------ Given information

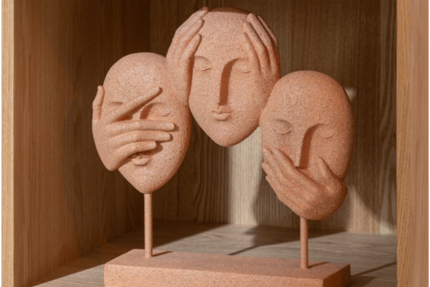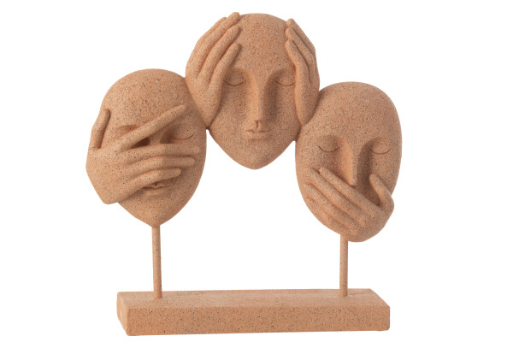 Le visage “Ne rien voir, ne rien entendre, ne rien dire” en résine terracotta est une sculpture pleine de symbolisme et d’élégance. Son design moderne et sa teinte chaleureuse apportent une touche artistique forte à votre intérieur, à découvrir chez Meubles Belot.
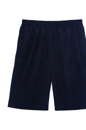 Шорты мужские прямого силуэта. Пояс отрезной, выполнен из основного полотна, с эластичной тесьмой внутри. Внутри пояса шорт вставлен плоский утягивающий шнурок с пластиковым наконечником. На уровне бедер выполнены карманы с прорезной листочкой, вход в карман с замком. Низ изделия обработан швом в подгибку.
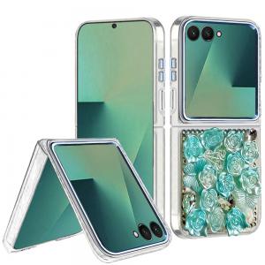 For Samsung Z Flip 7 Muti-Color Rose Bling Stones Ornaments Case - Green...
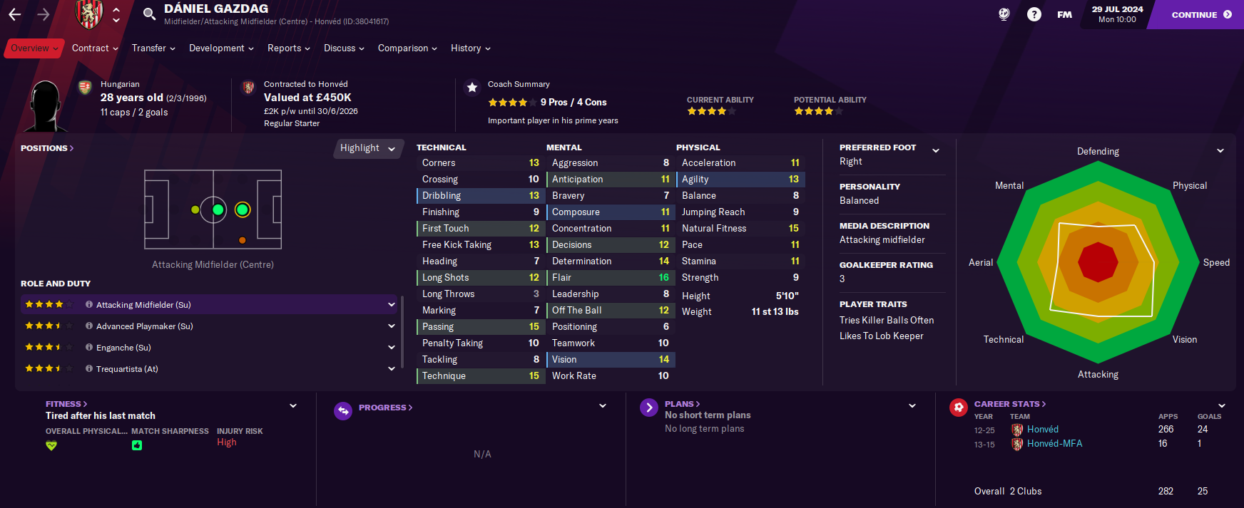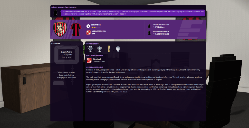 The club plays at the 7,440 capacity Bozsik Arena, which was built way back in 1938. It won its most recent and 14th Hungarian title in 2017, but only narrowly avoided relegation from the top tier last season. It has good facilities and average youth recruitment, which is a decent start, and the board expect the manager to develop young players, play entertaining football, and finish in mid-table. So this represents a whole new challenge after three years of walking to league titles.

------------

● **Work to be completed**:
Pictures are to be omitted. The lines from the line holding "Шорты мужские прямого" through the closing line of the data above are to be set down exactly, and nothing more.

● **Output of the task**:
 Шорты мужские прямого силуэта. Пояс отрезной, выполнен из основного полотна, с эластичной тесьмой внутри. Внутри пояса шорт вставлен плоский утягивающий шнурок с пластиковым наконечником. На уровне бедер выполнены карманы с прорезной листочкой, вход в карман с замком. Низ изделия обработан швом в подгибку.
 For Samsung Z Flip 7 Muti-Color Rose Bling Stones Ornaments Case - Green...
 The club plays at the 7,440 capacity Bozsik Arena, which was built way back in 1938. It won its most recent and 14th Hungarian title in 2017, but only narrowly avoided relegation from the top tier last season. It has good facilities and average youth recruitment, which is a decent start, and the board expect the manager to develop young players, play entertaining football, and finish in mid-table. So this represents a whole new challenge after three years of walking to league titles.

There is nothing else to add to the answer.